Type out the lines below exactly, pictures excluded.

◆ **EXERCISE DATA**
______
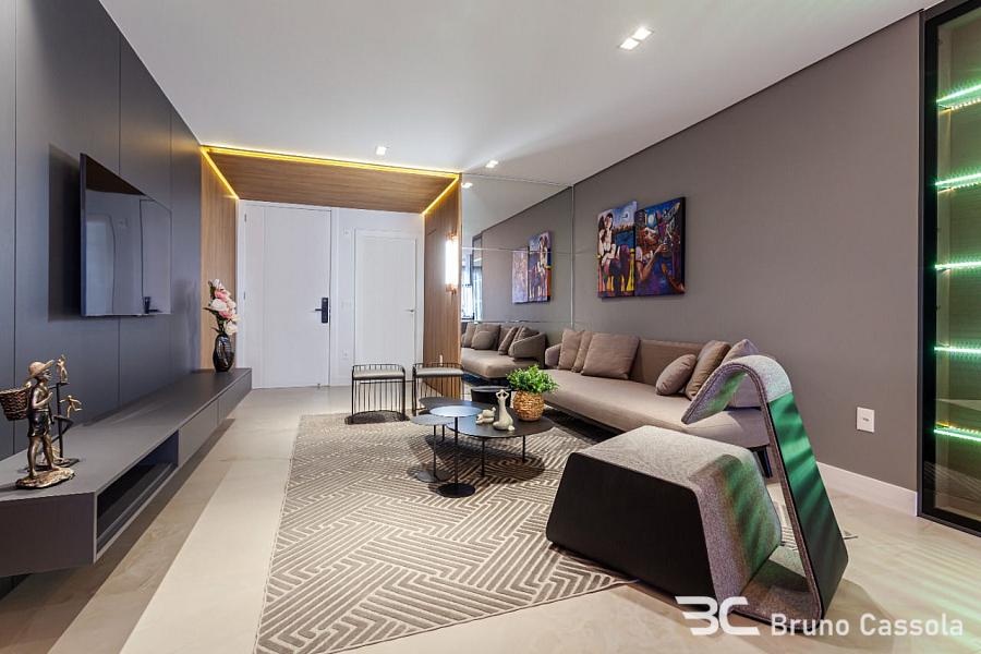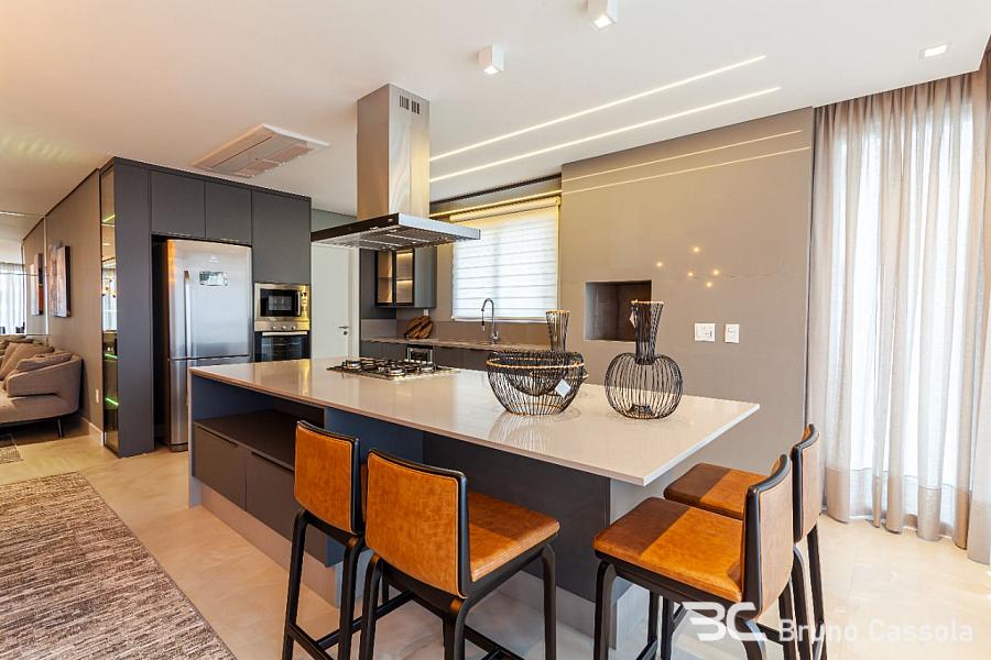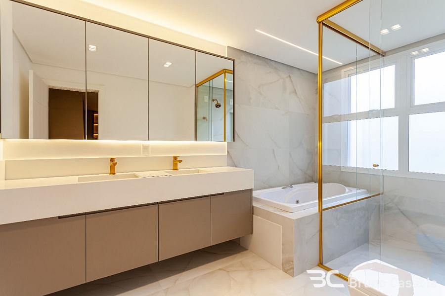 Apartamento com 210 m² privativos, 4 suítes sendo uma master com hidromassagem e closet, amplo living integrado com espaço gourmet e churrasqueira a carvão, sacada externa, 4 vagas de garagem.
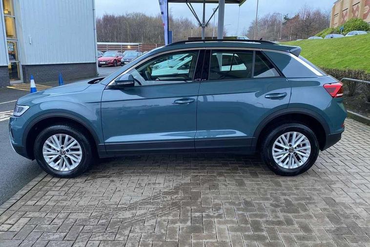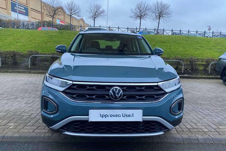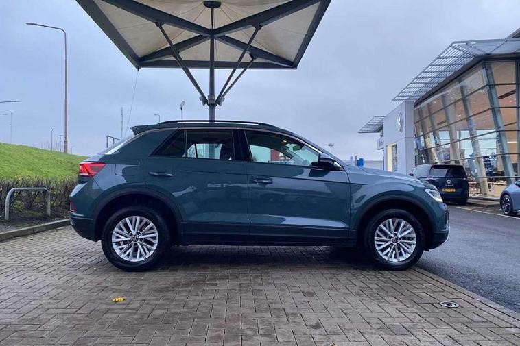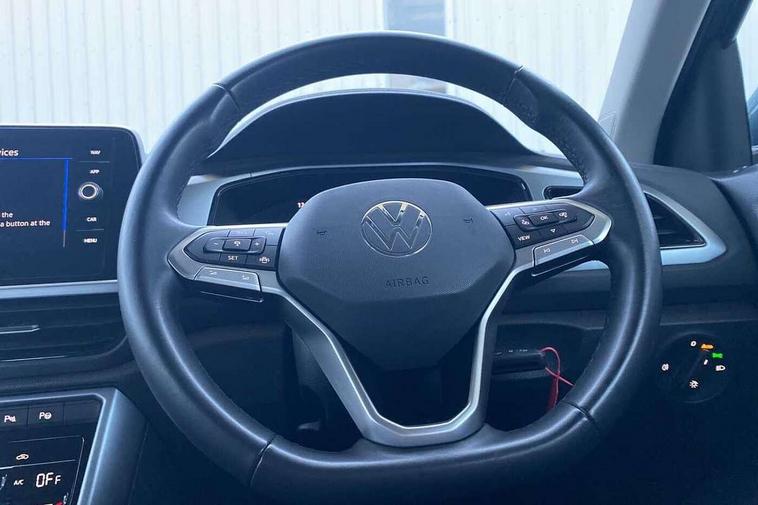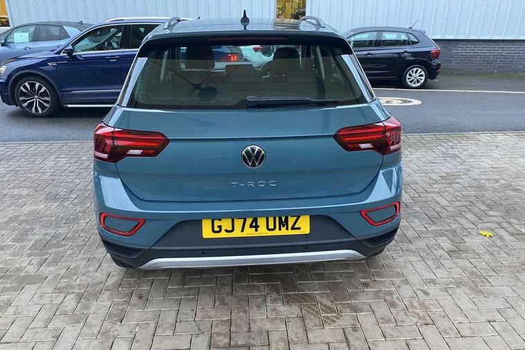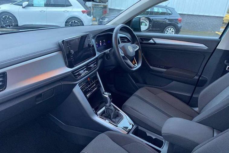 Advanced driver attention and drowsiness monitor, Dynamic road sign display, Emergency call service, Lane keeping system Lane Assist, Mobile phone interface, Modified key software - reduce switch off time for key status change to Long no motion, Online services, Park assist including front and rear parking sensors, Power assisted speed sensitive steering, Service interval indicator, Tailgate/trunk lid release from outside, Think blue trainer driver tips and journey analysis, Warning sound and light for front seatbelts unfastened, Wireless app connect, Battery regeneration during braking, Front shock absorption, Rear shock absorption chassis with increased ride height, Start/stop function with battery regeneration, DAB Digital radio, Diversity antenna for FM reception, Front and rear 6 speakers, Music playback - MP3, WMA and AAC files, Premium USB cable in choice of either Apple or Android smartphone compatibility, SD card slot, Simultaneous pairing of 2 compatible mobile devices, Title and cover art display, We Connect and We Connect Plus functionality, Auto dimming interior rear view mirror, Automatic hazard lights activation under emergency braking, Automatic headlight control with LED separate daytime running lights with coming/leaving home function, Black roof rails, Body coloured bumpers and radiator grille with chrome trim and front fog lamps with chrome bezel, Body coloured exterior mirror housings and door handles, Electrically adjustable and heated door mirrors, Extended roof spoiler, Exterior mirrors aspherical on driver side, convex on front passenger side, External USB type C socket and charging sockets, Front windscreen wiper with intermittent wipe and 4 position delay, Heated rear window, LED 3rd brake light, LED rear combination lamps, LED rear number plate lights, Power windows with comfort operation and circuit breaker, Rain sensor, Rear exhaust tailpipe, Rear fog light on one side and reversing lights on both sides, Rear side wing doors, Rear wash/wipe with intermittent wipe setting, Remote electrically foldable door mirrors, puddle lights and reverse activated passenger's door mirror, 12V power socket in centre console, 3 rear head restraints, 3 seat bench in 2nd row, 4 load lashing points in luggage compartment, Air care climatronic air conditoning system with active combination filter and 2-zone temperature control, Ambient lighting with mirror logo projection, Cloth upholstery, Door and side trim panel in cloth, Drawer under drivers seat, Driver/front passenger seat height adjustment, Front centre armrest, Front comfort sports seats, Front cupholders x 2, Front reading light, Front seat back storage pockets, Glove compartment door with light, Instrument lighting, white adjustable panel illumination, Interior light delay, Isofix child seat preparation, Leather gearshift handle, Load-through provision with cup holder when folded down ('Unsplit rear seat bench, split folding backrest, with centre armrest), Luggage compartment lighting, Lumbar support for driver's and front passengers seat, Non-folding front passenger seat backrest, Single front passenger seat, Storage compartment in left and right luggage area, Storage compartment in rear doors, Storage compartments in driver and front passenger doors, Sunvisors with illuminated vanity mirrors, Variable boot floor, height adjustable and removable, Driver assistance pack without proactive passenger protection - T-Roc Life/Match, 3 point height adj front seatbelts + pretensioners, 3 point seatbelts in outer rear with ECE label, ABS, Child locks on rear doors, City emergency braking and pedestrian monitoring, Driver and front passenger airbag with front passenger airbag deactivation, Driver and front passenger safety-optimised head restraints, Drivers seatbelt reminder, Electronic parking brake, Electronic Stability Control (ESC) inc EDL (Electronic Differential Lock) and ASR (Traction Control), Front and rear passengers curtain airbag system including front side airbags, Front disc brakes, Hill start assist, Predictive pedestrian protection, Rear disc brakes, Two tone horn, Tyre pressure loss indicator, Volkswagen roadside assistance, Alarm with interior protection, Pewter matt decorative inserts for intrument panel, centre console and door panels at the front, Trims for alloy wheels,
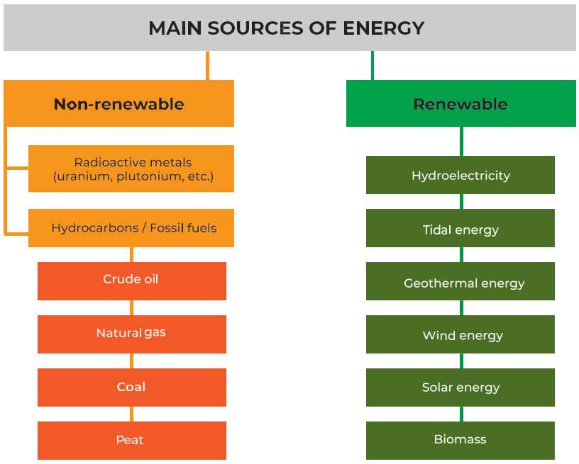 People learnt to make electricity by transforming types of energy, which they found in nature. Natural sources of energy on our planet are usually subdivided into two major groups: non- renewable (traditional) and renewable (alternative) (Fig. 3.1.2).
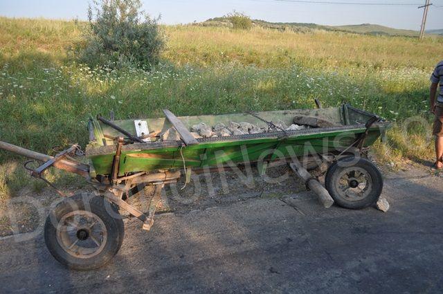 În căruță se aflau doi tineri, Lucian S. de 20 de ani, din satul Stracova, comuna Șendriceni, care conducea atelajul și fratele acestuia Dănuț S. de 17 ani, care se afla în partea din spate a atelajului. Deși impactul a fost violent și a întors atelajul la 180 de grade, niciunul din cei doi tineri nu au suferit răni, ambii alegându-se cu o sperietură zdravănă.
______
◆ **ANSWER BOX**
 Apartamento com 210 m² privativos, 4 suítes sendo uma master com hidromassagem e closet, amplo living integrado com espaço gourmet e churrasqueira a carvão, sacada externa, 4 vagas de garagem.
 Advanced driver attention and drowsiness monitor, Dynamic road sign display, Emergency call service, Lane keeping system Lane Assist, Mobile phone interface, Modified key software - reduce switch off time for key status change to Long no motion, Online services, Park assist including front and rear parking sensors, Power assisted speed sensitive steering, Service interval indicator, Tailgate/trunk lid release from outside, Think blue trainer driver tips and journey analysis, Warning sound and light for front seatbelts unfastened, Wireless app connect, Battery regeneration during braking, Front shock absorption, Rear shock absorption chassis with increased ride height, Start/stop function with battery regeneration, DAB Digital radio, Diversity antenna for FM reception, Front and rear 6 speakers, Music playback - MP3, WMA and AAC files, Premium USB cable in choice of either Apple or Android smartphone compatibility, SD card slot, Simultaneous pairing of 2 compatible mobile devices, Title and cover art display, We Connect and We Connect Plus functionality, Auto dimming interior rear view mirror, Automatic hazard lights activation under emergency braking, Automatic headlight control with LED separate daytime running lights with coming/leaving home function, Black roof rails, Body coloured bumpers and radiator grille with chrome trim and front fog lamps with chrome bezel, Body coloured exterior mirror housings and door handles, Electrically adjustable and heated door mirrors, Extended roof spoiler, Exterior mirrors aspherical on driver side, convex on front passenger side, External USB type C socket and charging sockets, Front windscreen wiper with intermittent wipe and 4 position delay, Heated rear window, LED 3rd brake light, LED rear combination lamps, LED rear number plate lights, Power windows with comfort operation and circuit breaker, Rain sensor, Rear exhaust tailpipe, Rear fog light on one side and reversing lights on both sides, Rear side wing doors, Rear wash/wipe with intermittent wipe setting, Remote electrically foldable door mirrors, puddle lights and reverse activated passenger's door mirror, 12V power socket in centre console, 3 rear head restraints, 3 seat bench in 2nd row, 4 load lashing points in luggage compartment, Air care climatronic air conditoning system with active combination filter and 2-zone temperature control, Ambient lighting with mirror logo projection, Cloth upholstery, Door and side trim panel in cloth, Drawer under drivers seat, Driver/front passenger seat height adjustment, Front centre armrest, Front comfort sports seats, Front cupholders x 2, Front reading light, Front seat back storage pockets, Glove compartment door with light, Instrument lighting, white adjustable panel illumination, Interior light delay, Isofix child seat preparation, Leather gearshift handle, Load-through provision with cup holder when folded down ('Unsplit rear seat bench, split folding backrest, with centre armrest), Luggage compartment lighting, Lumbar support for driver's and front passengers seat, Non-folding front passenger seat backrest, Single front passenger seat, Storage compartment in left and right luggage area, Storage compartment in rear doors, Storage compartments in driver and front passenger doors, Sunvisors with illuminated vanity mirrors, Variable boot floor, height adjustable and removable, Driver assistance pack without proactive passenger protection - T-Roc Life/Match, 3 point height adj front seatbelts + pretensioners, 3 point seatbelts in outer rear with ECE label, ABS, Child locks on rear doors, City emergency braking and pedestrian monitoring, Driver and front passenger airbag with front passenger airbag deactivation, Driver and front passenger safety-optimised head restraints, Drivers seatbelt reminder, Electronic parking brake, Electronic Stability Control (ESC) inc EDL (Electronic Differential Lock) and ASR (Traction Control), Front and rear passengers curtain airbag system including front side airbags, Front disc brakes, Hill start assist, Predictive pedestrian protection, Rear disc brakes, Two tone horn, Tyre pressure loss indicator, Volkswagen roadside assistance, Alarm with interior protection, Pewter matt decorative inserts for intrument panel, centre console and door panels at the front, Trims for alloy wheels,
 People learnt to make electricity by transforming types of energy, which they found in nature. Natural sources of energy on our planet are usually subdivided into two major groups: non- renewable (traditional) and renewable (alternative) (Fig. 3.1.2).
 În căruță se aflau doi tineri, Lucian S. de 20 de ani, din satul Stracova, comuna Șendriceni, care conducea atelajul și fratele acestuia Dănuț S. de 17 ani, care se afla în partea din spate a atelajului. Deși impactul a fost violent și a întors atelajul la 180 de grade, niciunul din cei doi tineri nu au suferit răni, ambii alegându-se cu o sperietură zdravănă.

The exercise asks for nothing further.